WHAT YOU WILL DO: Retype, word for word, the lines from the first line of the entries through the line that holds "Damaszener Stahl Kugelschreiber"; leave out the pictures.
TASK MATERIAL section start
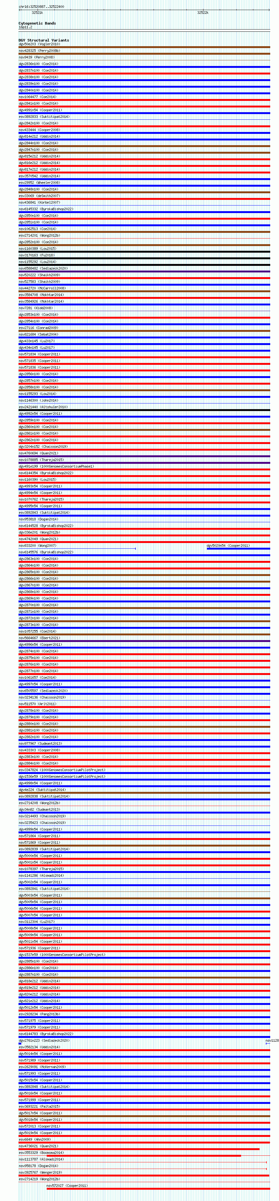 Variant DetailsVariant: essv6895097| Internal ID | 10289069 | | Landmark | | | Location Information | | | Cytoband | 16p11.2 | | Allele length | | Assembly | Allele length | | hg38 | 1514 | | hg19 | 1514 |
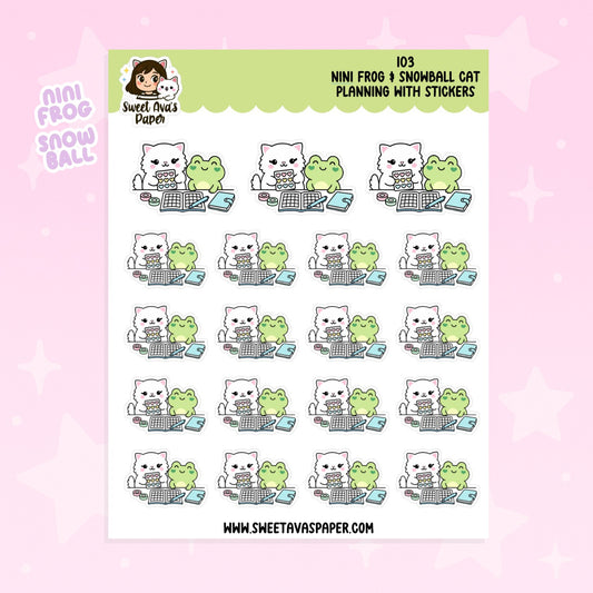 Nini Frog & Snowball Cat Planning With Stickers – Physical Kawaii Planner Stickers for Journals [103]
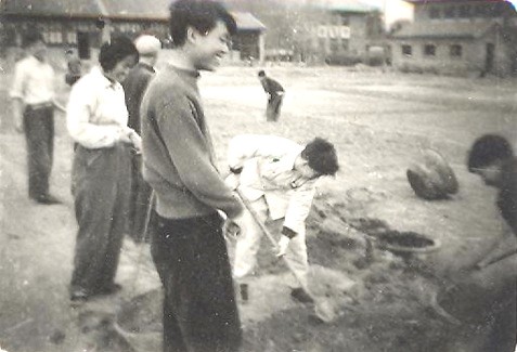 1959级经济地理专业同学在哲学楼前种菜(1961年困难时期)
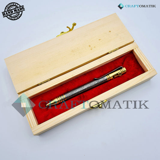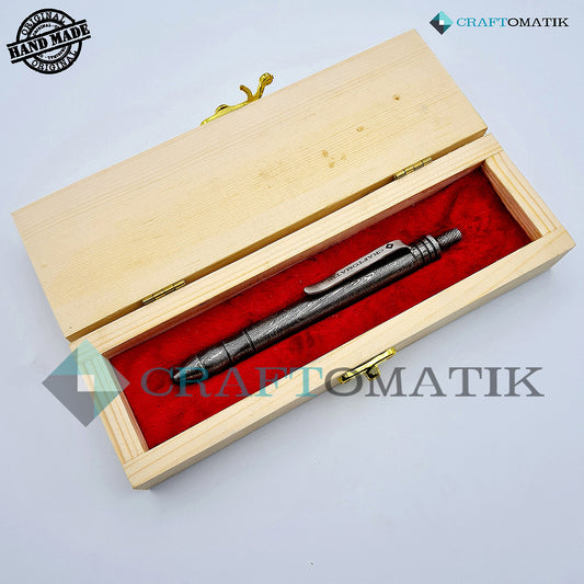 Damaszener Stahl Kugelschreiber Geschenkset | Handgefertigtes Stiftset aus Damaszener Stahl | DP01
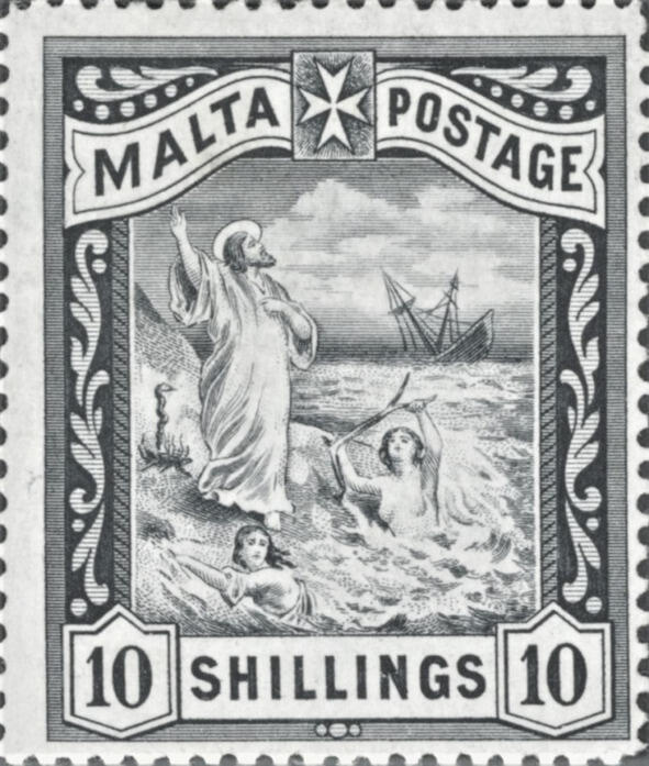 Наступным было выданьне пошты Мальты па карціне Густава Доры «Сьвяты Павал пасьля караблекрушэньня». За Сьвятым Паўлам ў вогнішчы зьмяя. Падзея адбылася пазьней, калі Апостал грэўся ля вогнішча і на яго напала зьмяя. «Але ён, абтросшы зьмяю ў вагонь, не зазнаў аніякае шкоды» (Дзеі 28:5).
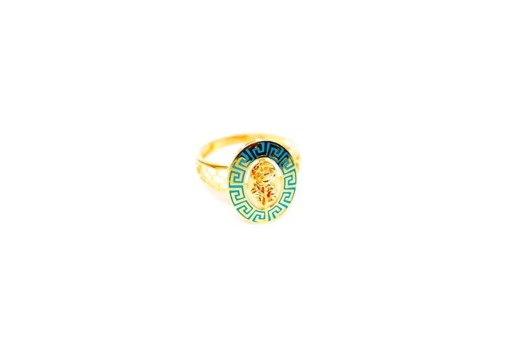خاتم ذهب تصميم الوردة البيضاوية باللون التيفاني عيار 21 بتصميمه الخيالي وبتفاصيله الجميله صنع ليعبر عن اطلاله تليق بك سيدتي ، اطلبية الان واستمتعي بذهب يدوم لأجلك.
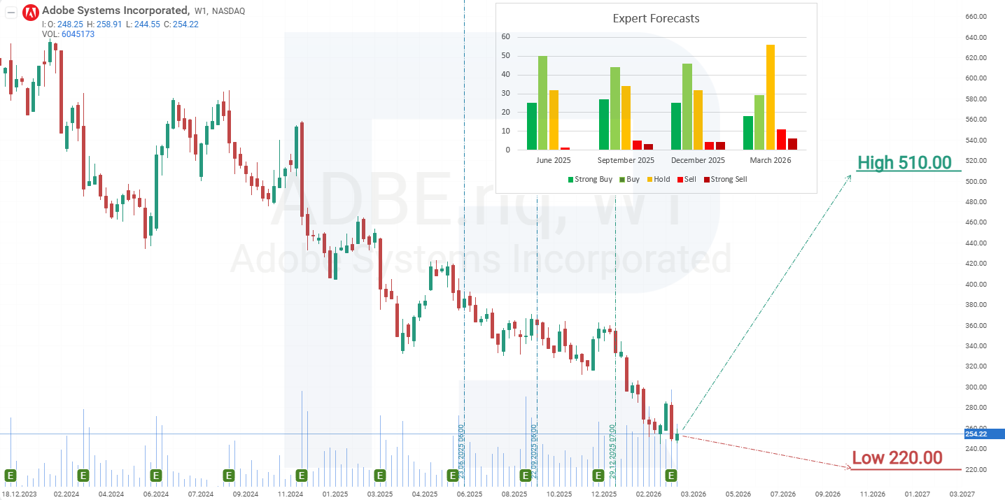 This article reviews Adobe Inc., outlining its revenue structure, summarising quarterly performance, and presenting expectations for the 2026 financial year. It also includes a technical analysis of ADBE shares, which forms the basis for the Adobe stock forecast for the 2026 calendar year.
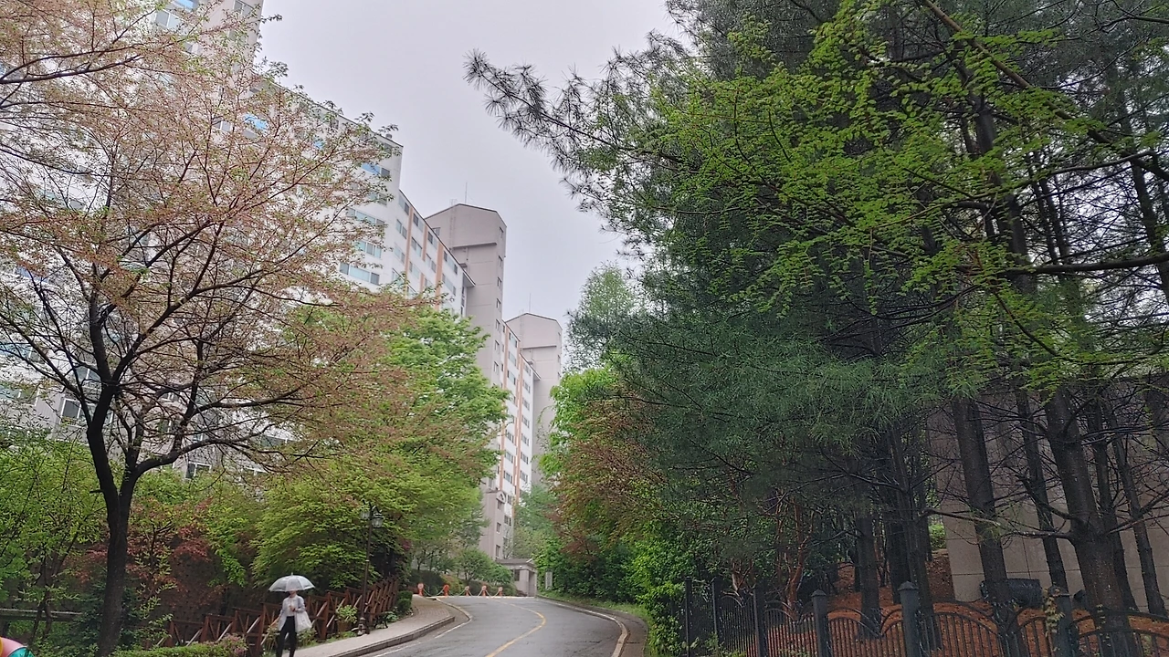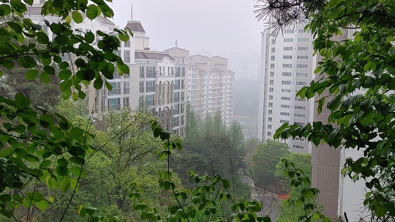 숲속의 상큼함을 만끽하려 아파트 현관을 나서며 뒷산 약수터로 향하려는데
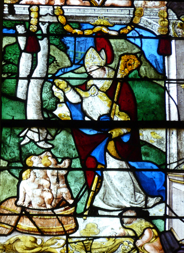 Parmi les traits les plus connus de sa légende figure la résurrection de trois enfants assassinés et mis au saloir par un aubergiste.
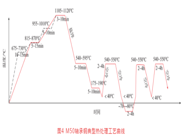 M50軸承鋼需要進(jìn)行多次回火以提供最大硬度,并保持尺寸穩(wěn)定性。零件應(yīng)該進(jìn)行3次或3次以上回火,回火溫度在540~ 550℃之間,時(shí)間為2~4h,每次回火都要冷卻到40℃以下。在第1次回火前或第1次回火后,進(jìn)行深冷處理有利于殘余奧氏體向馬氏體的轉(zhuǎn)變。M50軸承鋼常用的冷處理溫度為-70~-85℃,時(shí)間為2~4h,回火前進(jìn)行深冷處理對(duì)軸承鋼的作用最大。然而,未經(jīng)過等溫處理的零件、容易產(chǎn)生裂紋的零件,不需要進(jìn)行冷處理。當(dāng)零件在回火前進(jìn)行冷處理時(shí),淬火和回火之間的時(shí)間間隔不能超過5h。如果超過5h,之前的應(yīng)力會(huì)釋放,降低了冷處理的有效性。當(dāng)設(shè)備、時(shí)間或零件不具備在回火前進(jìn)行冷處理的條件時(shí),零件應(yīng)該在第1次回火和第2次回火之間進(jìn)行冷處理。根據(jù)國外軸承鋼的熱處理要求,制定出M50鋼的典型熱處理工藝曲線如圖4所示。
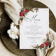 The Rustic Pine Poinsettia Floral Wedding Menu is the perfect addition to your winter wedding celebration, offering a charming and elegant touch to your reception. Featuring a beautiful design with pinecones and green pine needles, this menu card complements your rustic winter theme while showcasing the delicious offerings for your guests. It adds a warm, natural element to your table settings, creating an inviting atmosphere and enhancing the overall aesthetic of your special day.
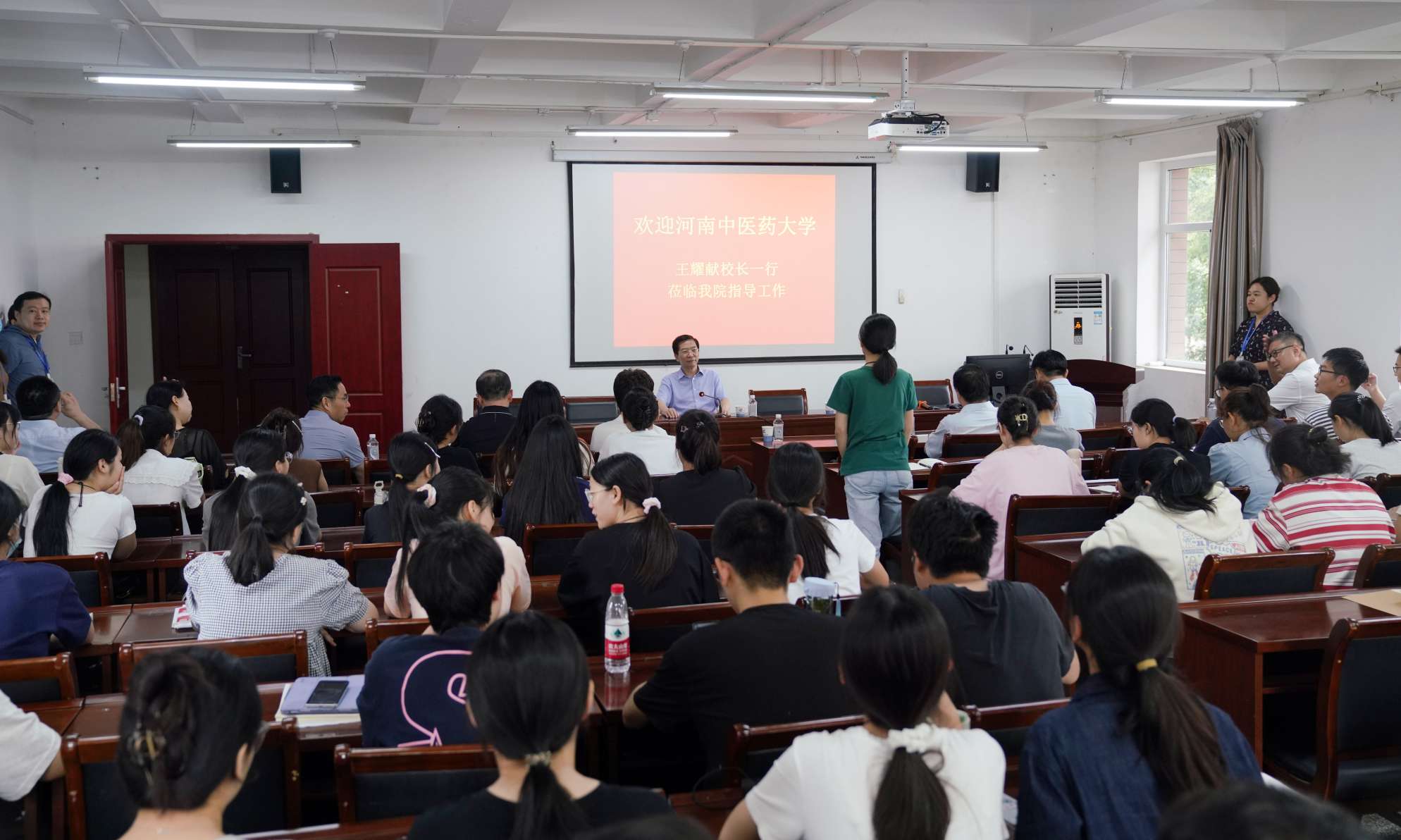参观途中,王耀献校长一行还与正在我院学习的河南中医药大学学子见面,听取学生学习心得,交流中医药学习感悟。
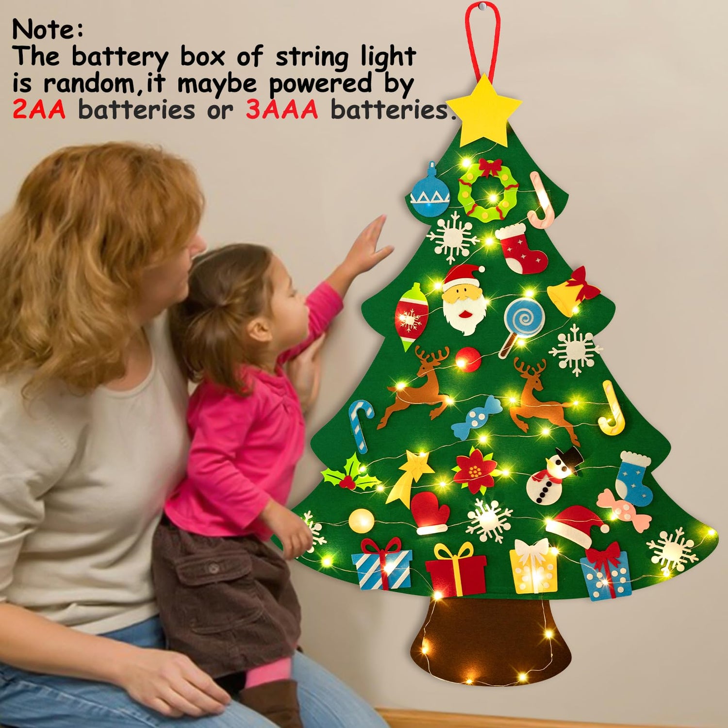 - Package includes 1pcs DIY felt Christmas tree,33pcs ornament cutouts,1pcs red string and 1pcs snowman advent calendar.(gift)
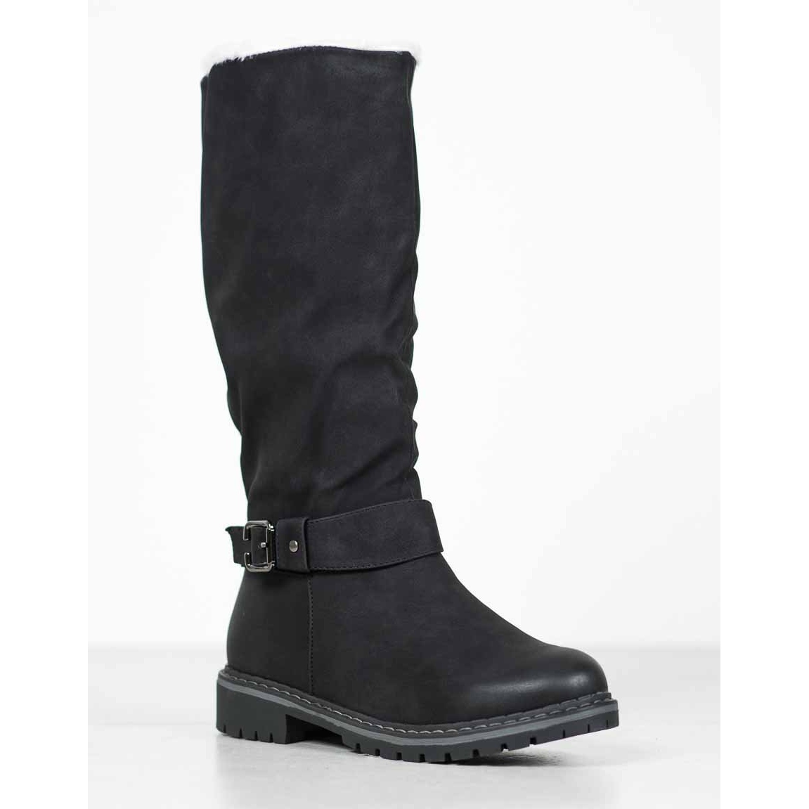 Saappaan klassinen leikkaus, joka ulottuu pohkeen keskelle, tekee näistä kengistä täydellisesti yhteensopivia moneen tyyliin - niin housuihin, hameisiin kuin mekoihinkin. Oikein suunniteltu synteettisestä materiaalista valmistettu pohja varmistaa mukavuuden ja vakauden kävellessä. Lisäksi litteä 3 cm korkea kantapää tekee saappaista mukavat myös pitkäaikaisen käytön jälkeen.
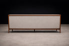 Executed in richly toned hardwood, the frame reveals masterful craftsmanship and architectural precision. The armrests are defined by subtly tilted, linear supports that create a rhythmic vertical cadence—an unmistakable gesture that feels both graphic and organic. These vertical elements connect seamlessly into horizontal rails, reinforcing the backrest while articulating the sofa’s structural logic with quiet confidence.
TASK MATERIAL section end
OUTPUT OF THE EXERCISE:
 Variant DetailsVariant: essv6895097| Internal ID | 10289069 | | Landmark | | | Location Information | | | Cytoband | 16p11.2 | | Allele length | | Assembly | Allele length | | hg38 | 1514 | | hg19 | 1514 |
 Nini Frog & Snowball Cat Planning With Stickers – Physical Kawaii Planner Stickers for Journals [103]
 1959级经济地理专业同学在哲学楼前种菜(1961年困难时期)
 Damaszener Stahl Kugelschreiber Geschenkset | Handgefertigtes Stiftset aus Damaszener Stahl | DP01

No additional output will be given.